ACTIVITY ▸ Write out the listing from the line with "吊裝人工鳥巢。郭麗偉 付國新攝" to the line with "No Bad Trails", both lines included, exactly and nothing beyond. Leave pictures out.

AVAILABLE DATA ▸
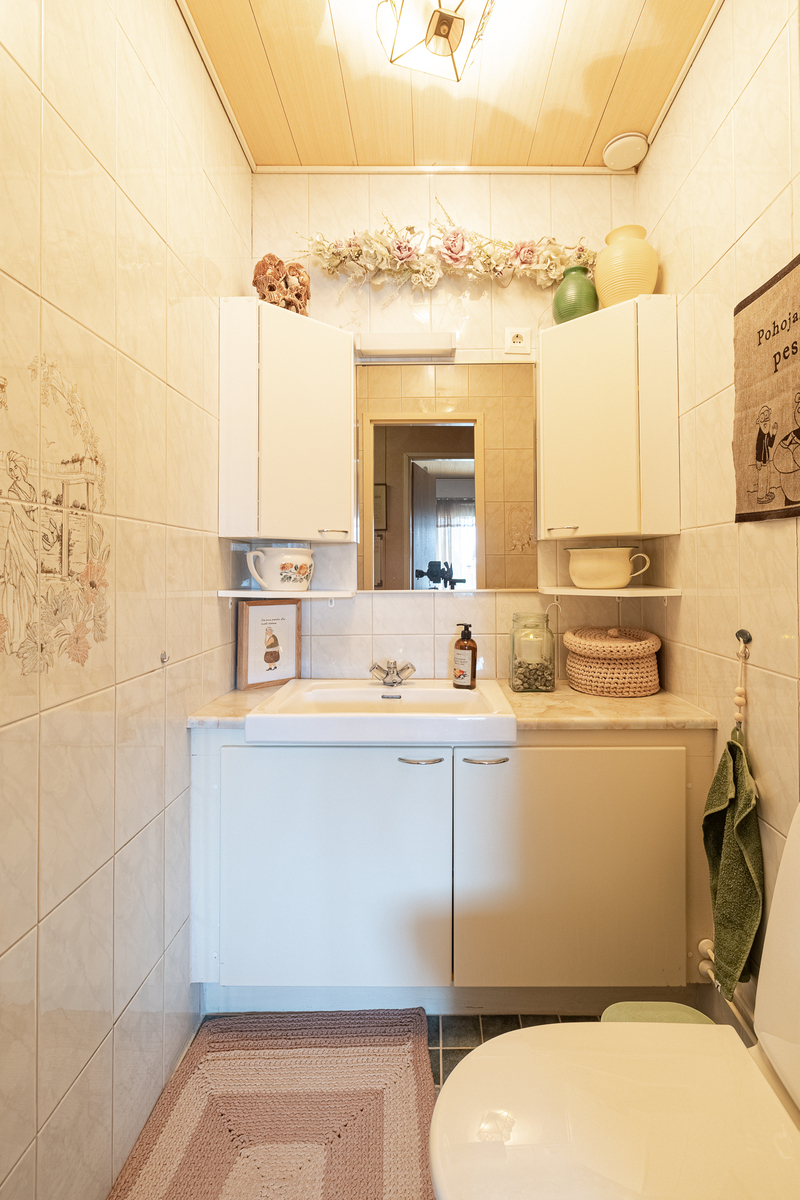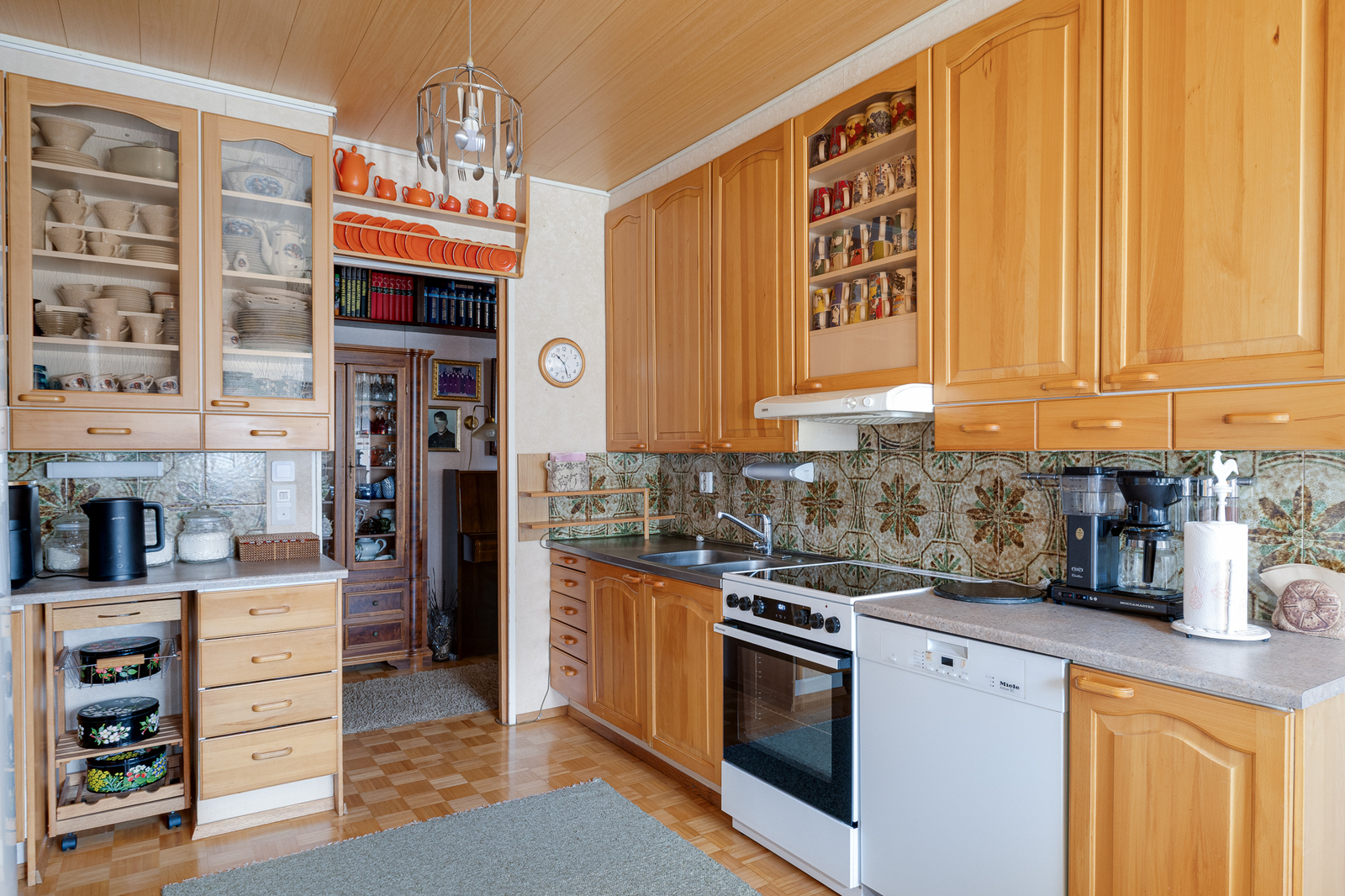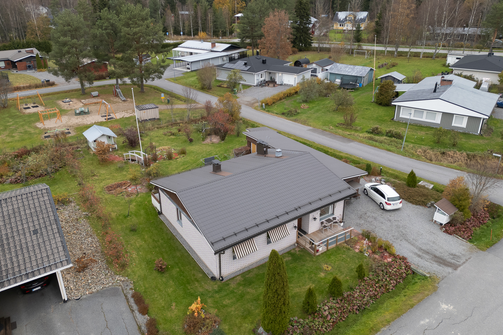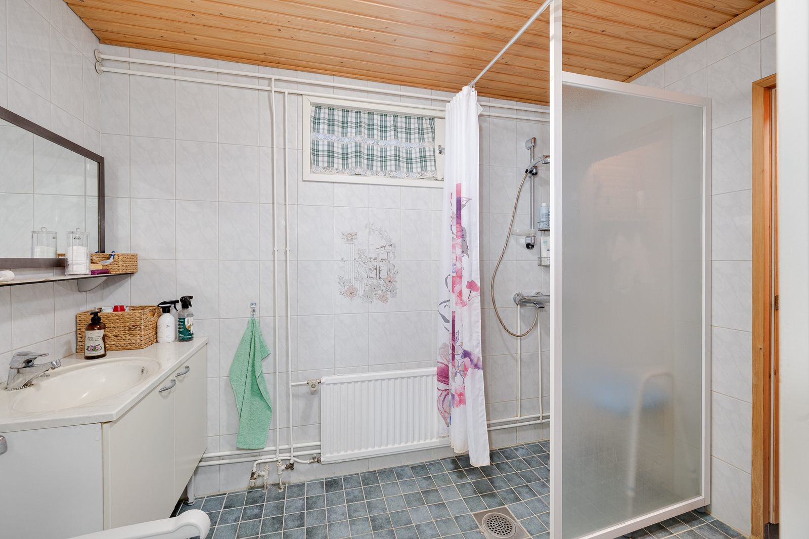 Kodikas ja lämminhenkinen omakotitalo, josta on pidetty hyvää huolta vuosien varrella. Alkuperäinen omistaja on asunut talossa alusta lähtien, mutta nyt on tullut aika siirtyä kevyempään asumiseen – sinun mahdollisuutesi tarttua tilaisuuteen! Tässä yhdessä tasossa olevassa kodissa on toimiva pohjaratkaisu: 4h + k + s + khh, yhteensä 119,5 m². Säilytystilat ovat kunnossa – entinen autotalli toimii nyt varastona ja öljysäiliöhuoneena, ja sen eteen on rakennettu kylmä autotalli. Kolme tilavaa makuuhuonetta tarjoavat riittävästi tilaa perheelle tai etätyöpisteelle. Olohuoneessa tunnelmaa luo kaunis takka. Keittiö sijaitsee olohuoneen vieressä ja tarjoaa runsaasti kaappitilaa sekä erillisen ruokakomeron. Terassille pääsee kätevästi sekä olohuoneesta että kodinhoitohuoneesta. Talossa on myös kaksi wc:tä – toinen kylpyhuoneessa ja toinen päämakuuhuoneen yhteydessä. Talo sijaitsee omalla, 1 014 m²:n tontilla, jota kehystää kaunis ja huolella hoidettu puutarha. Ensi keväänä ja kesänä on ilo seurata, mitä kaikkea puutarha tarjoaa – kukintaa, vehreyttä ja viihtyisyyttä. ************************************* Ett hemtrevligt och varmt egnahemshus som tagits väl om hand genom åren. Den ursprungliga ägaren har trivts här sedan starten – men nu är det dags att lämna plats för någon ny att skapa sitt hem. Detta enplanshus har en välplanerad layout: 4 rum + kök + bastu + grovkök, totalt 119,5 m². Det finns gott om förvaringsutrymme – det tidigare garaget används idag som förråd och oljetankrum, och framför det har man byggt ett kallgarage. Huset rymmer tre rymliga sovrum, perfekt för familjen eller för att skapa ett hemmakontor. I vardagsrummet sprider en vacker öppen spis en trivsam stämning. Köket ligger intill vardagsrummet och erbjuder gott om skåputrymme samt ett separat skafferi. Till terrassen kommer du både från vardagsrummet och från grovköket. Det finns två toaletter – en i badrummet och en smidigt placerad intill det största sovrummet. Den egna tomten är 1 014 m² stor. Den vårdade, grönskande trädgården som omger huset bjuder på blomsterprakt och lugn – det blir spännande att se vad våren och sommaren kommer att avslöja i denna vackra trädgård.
--
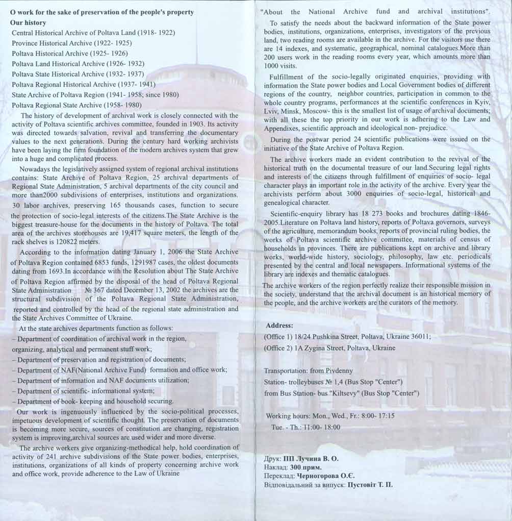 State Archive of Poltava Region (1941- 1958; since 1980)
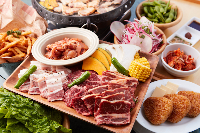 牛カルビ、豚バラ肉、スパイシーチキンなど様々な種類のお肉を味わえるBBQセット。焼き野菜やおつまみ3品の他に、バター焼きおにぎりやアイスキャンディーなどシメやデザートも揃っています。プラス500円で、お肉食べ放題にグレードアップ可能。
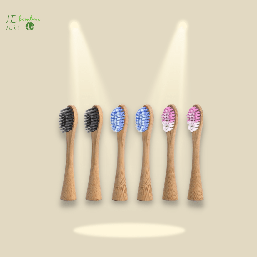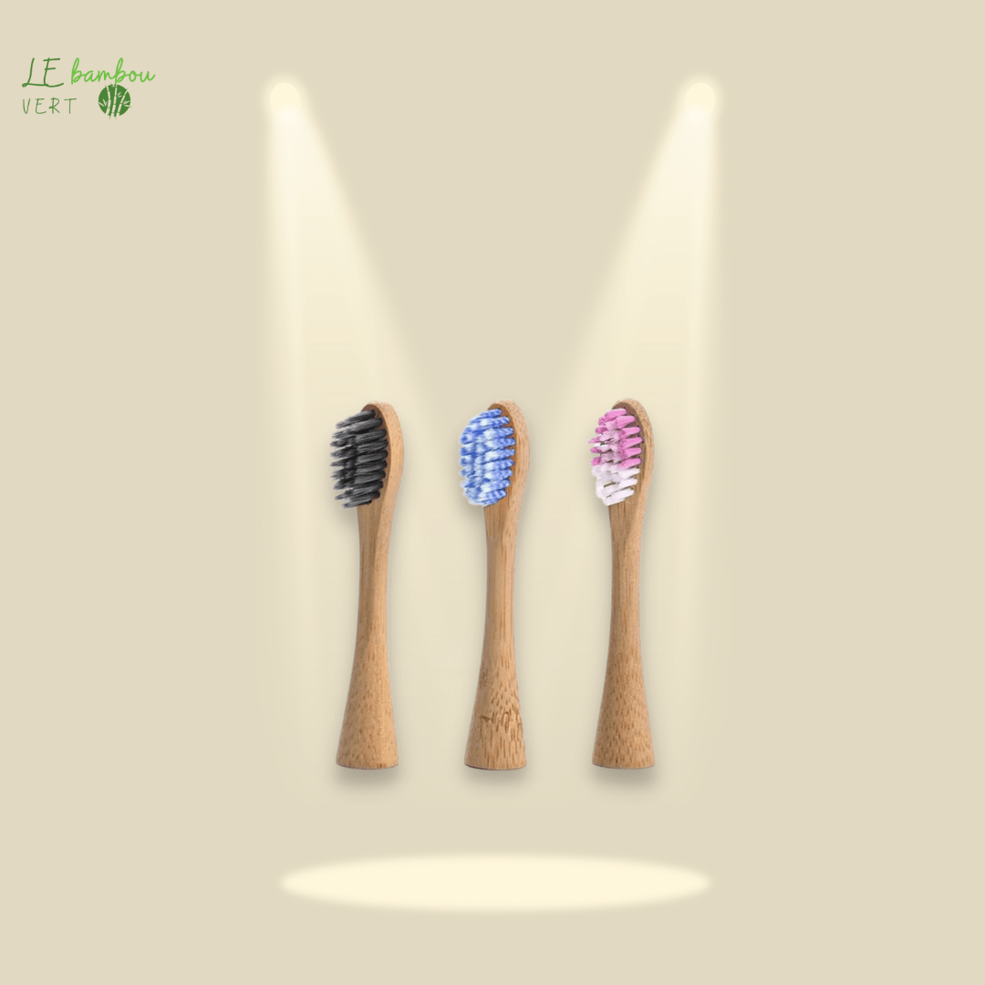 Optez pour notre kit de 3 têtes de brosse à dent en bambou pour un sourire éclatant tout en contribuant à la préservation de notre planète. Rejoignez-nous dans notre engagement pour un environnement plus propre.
* * *
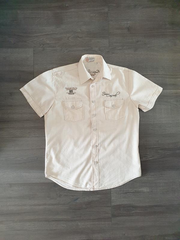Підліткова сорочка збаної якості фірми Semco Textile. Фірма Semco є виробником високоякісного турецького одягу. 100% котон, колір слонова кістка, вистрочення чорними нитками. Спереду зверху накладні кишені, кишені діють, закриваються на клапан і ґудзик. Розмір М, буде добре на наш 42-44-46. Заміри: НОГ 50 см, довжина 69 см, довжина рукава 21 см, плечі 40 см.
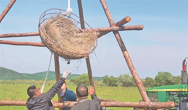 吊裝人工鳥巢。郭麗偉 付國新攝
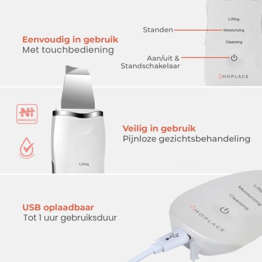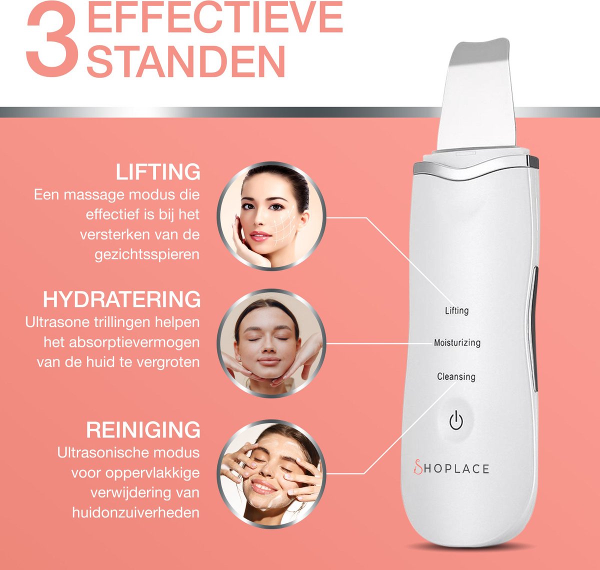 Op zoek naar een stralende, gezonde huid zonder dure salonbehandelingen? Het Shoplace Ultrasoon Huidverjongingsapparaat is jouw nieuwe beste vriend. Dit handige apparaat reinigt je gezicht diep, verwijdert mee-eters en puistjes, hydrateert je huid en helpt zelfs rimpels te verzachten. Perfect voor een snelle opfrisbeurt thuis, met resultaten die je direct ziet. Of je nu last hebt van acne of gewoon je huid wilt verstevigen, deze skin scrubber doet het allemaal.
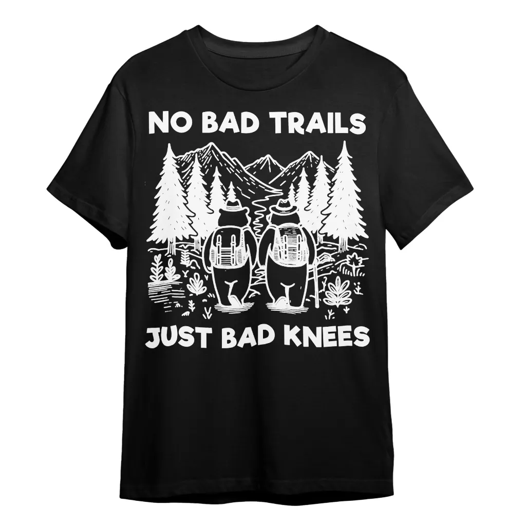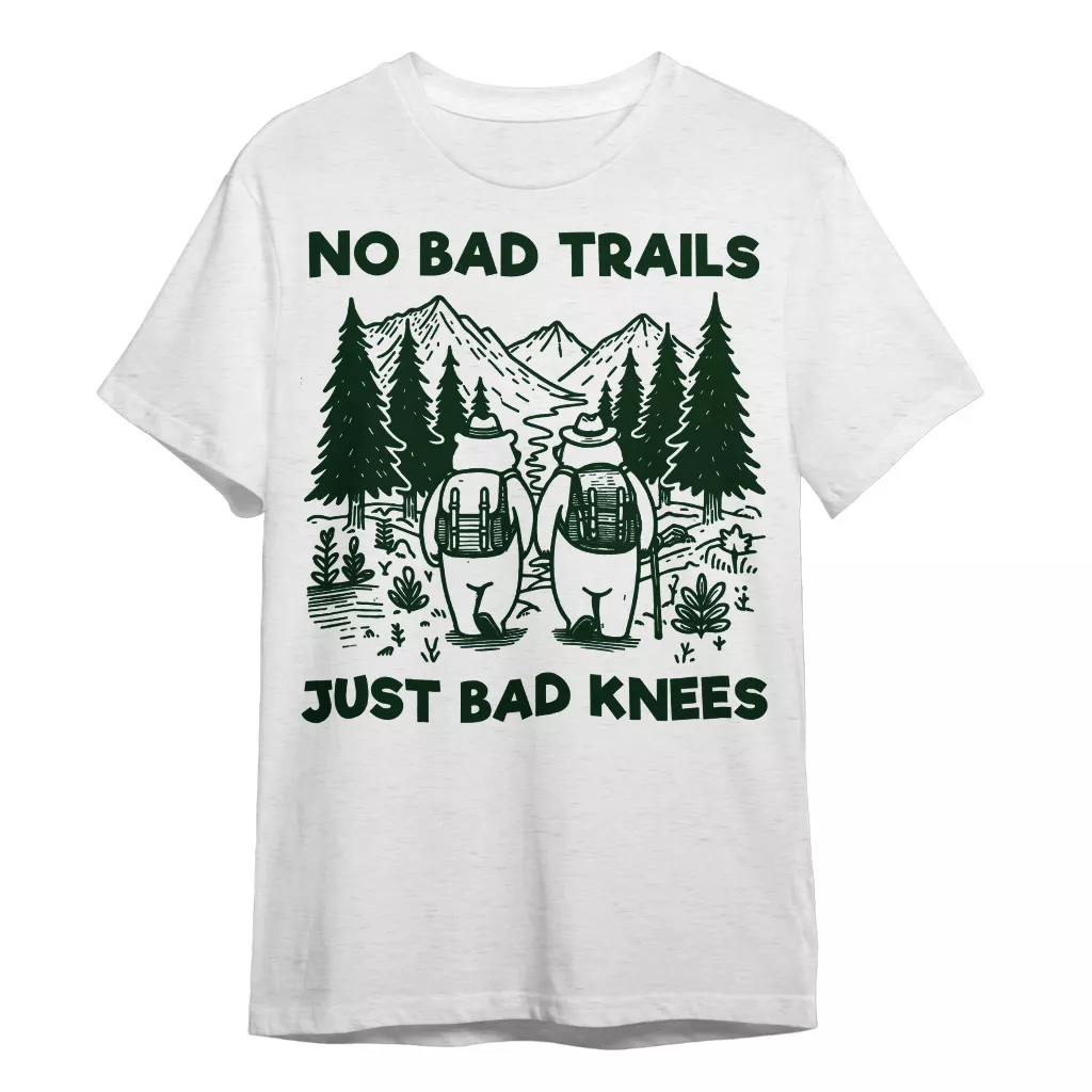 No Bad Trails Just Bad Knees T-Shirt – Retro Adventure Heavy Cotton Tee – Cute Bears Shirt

OUTPUT ▸
 吊裝人工鳥巢。郭麗偉 付國新攝
 Op zoek naar een stralende, gezonde huid zonder dure salonbehandelingen? Het Shoplace Ultrasoon Huidverjongingsapparaat is jouw nieuwe beste vriend. Dit handige apparaat reinigt je gezicht diep, verwijdert mee-eters en puistjes, hydrateert je huid en helpt zelfs rimpels te verzachten. Perfect voor een snelle opfrisbeurt thuis, met resultaten die je direct ziet. Of je nu last hebt van acne of gewoon je huid wilt verstevigen, deze skin scrubber doet het allemaal.
 No Bad Trails Just Bad Knees T-Shirt – Retro Adventure Heavy Cotton Tee – Cute Bears Shirt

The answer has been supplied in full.